Task to carry out
Only the lines in the entries below from the line with "Perfect for cold" to the line with "张掖市甘州区旭储景能200MW/800MWh独立储能电站建设项目规划批前公示", both included, belong in the answer, transcribed exactly and without pictures.
*** Data to use
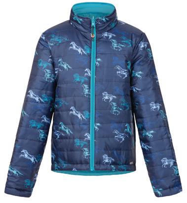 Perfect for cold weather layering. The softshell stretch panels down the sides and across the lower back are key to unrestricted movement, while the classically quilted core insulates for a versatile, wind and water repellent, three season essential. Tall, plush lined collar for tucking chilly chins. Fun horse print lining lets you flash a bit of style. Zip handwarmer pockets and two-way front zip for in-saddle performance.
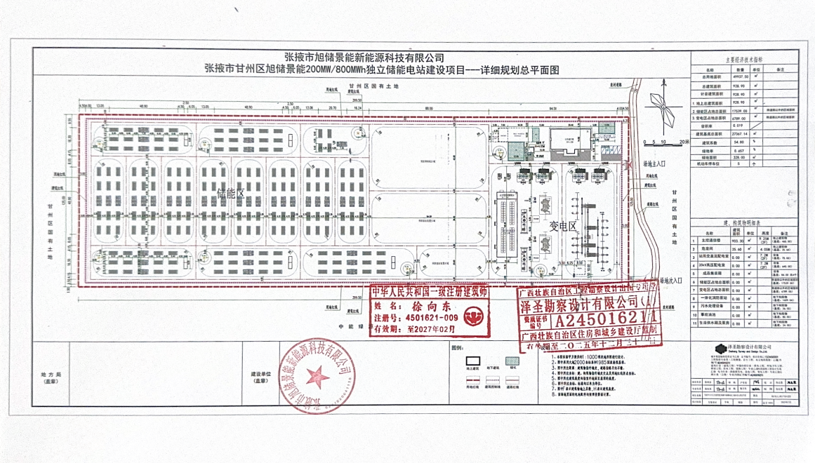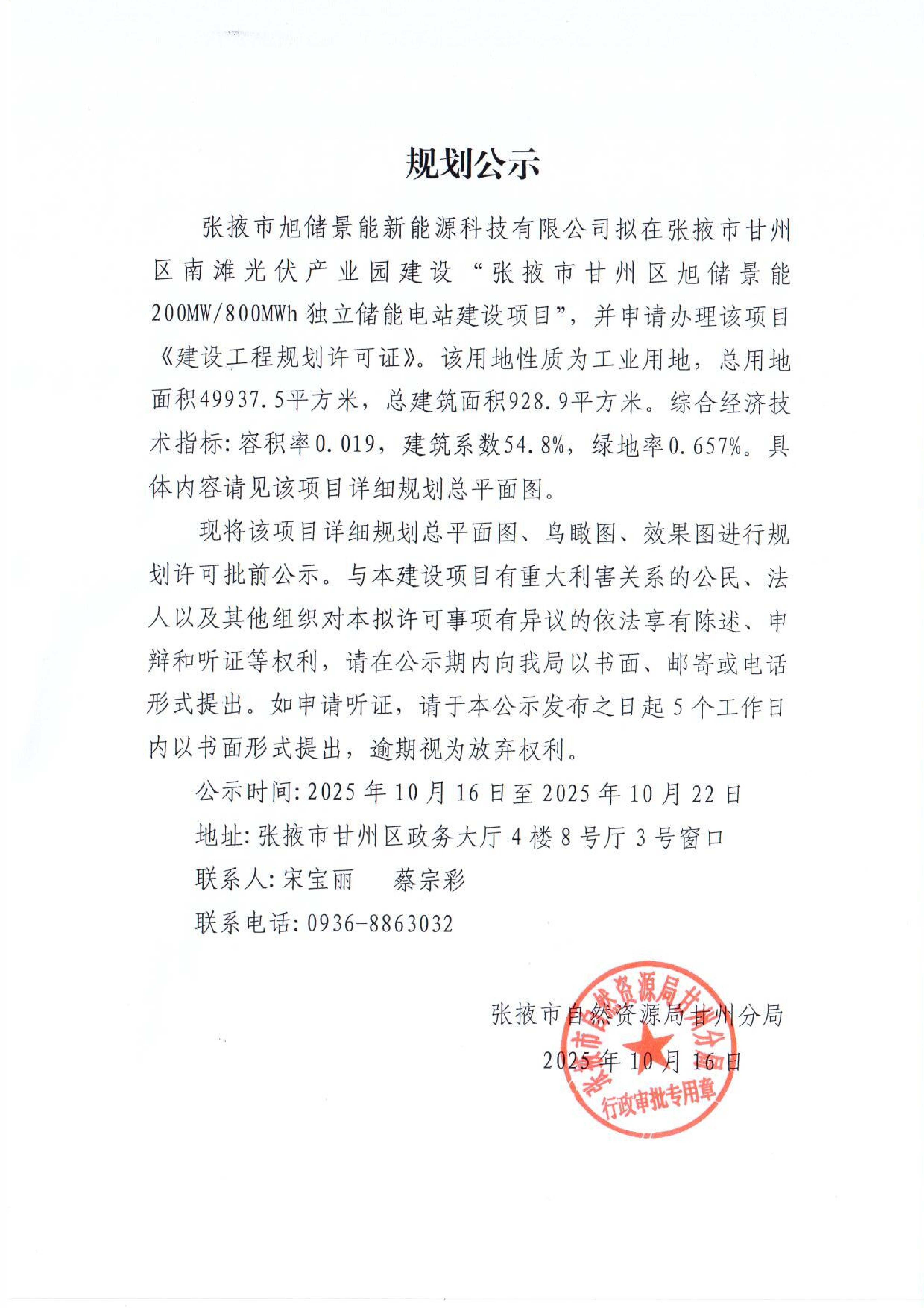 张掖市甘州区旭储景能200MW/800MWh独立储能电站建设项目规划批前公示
******
*** Data to use
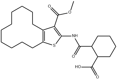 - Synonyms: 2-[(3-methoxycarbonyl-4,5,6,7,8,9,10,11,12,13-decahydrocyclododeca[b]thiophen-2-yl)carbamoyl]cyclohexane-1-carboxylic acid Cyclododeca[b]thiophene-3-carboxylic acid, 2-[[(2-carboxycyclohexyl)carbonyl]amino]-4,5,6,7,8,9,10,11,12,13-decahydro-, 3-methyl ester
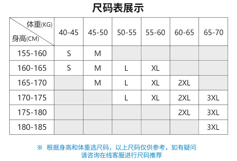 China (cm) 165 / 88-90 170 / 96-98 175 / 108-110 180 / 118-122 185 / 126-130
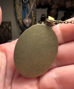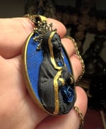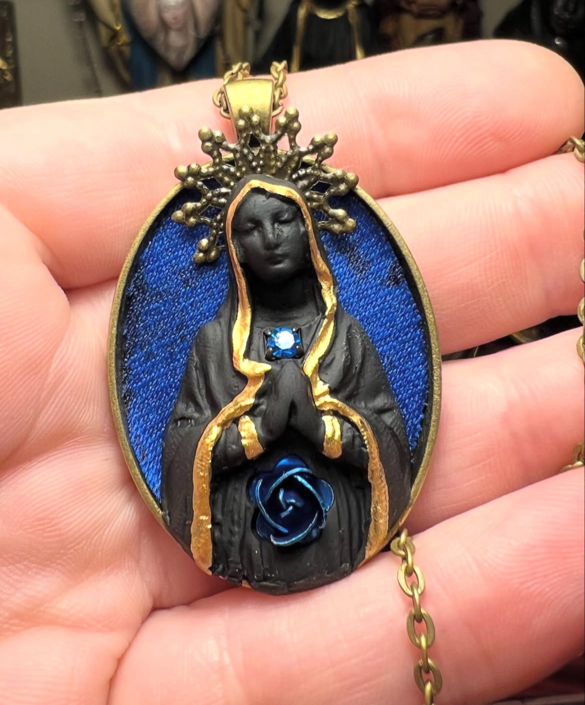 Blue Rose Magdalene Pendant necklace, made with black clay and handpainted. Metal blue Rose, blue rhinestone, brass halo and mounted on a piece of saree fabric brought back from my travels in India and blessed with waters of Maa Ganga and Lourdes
******
Finished exercise
 Perfect for cold weather layering. The softshell stretch panels down the sides and across the lower back are key to unrestricted movement, while the classically quilted core insulates for a versatile, wind and water repellent, three season essential. Tall, plush lined collar for tucking chilly chins. Fun horse print lining lets you flash a bit of style. Zip handwarmer pockets and two-way front zip for in-saddle performance.
 张掖市甘州区旭储景能200MW/800MWh独立储能电站建设项目规划批前公示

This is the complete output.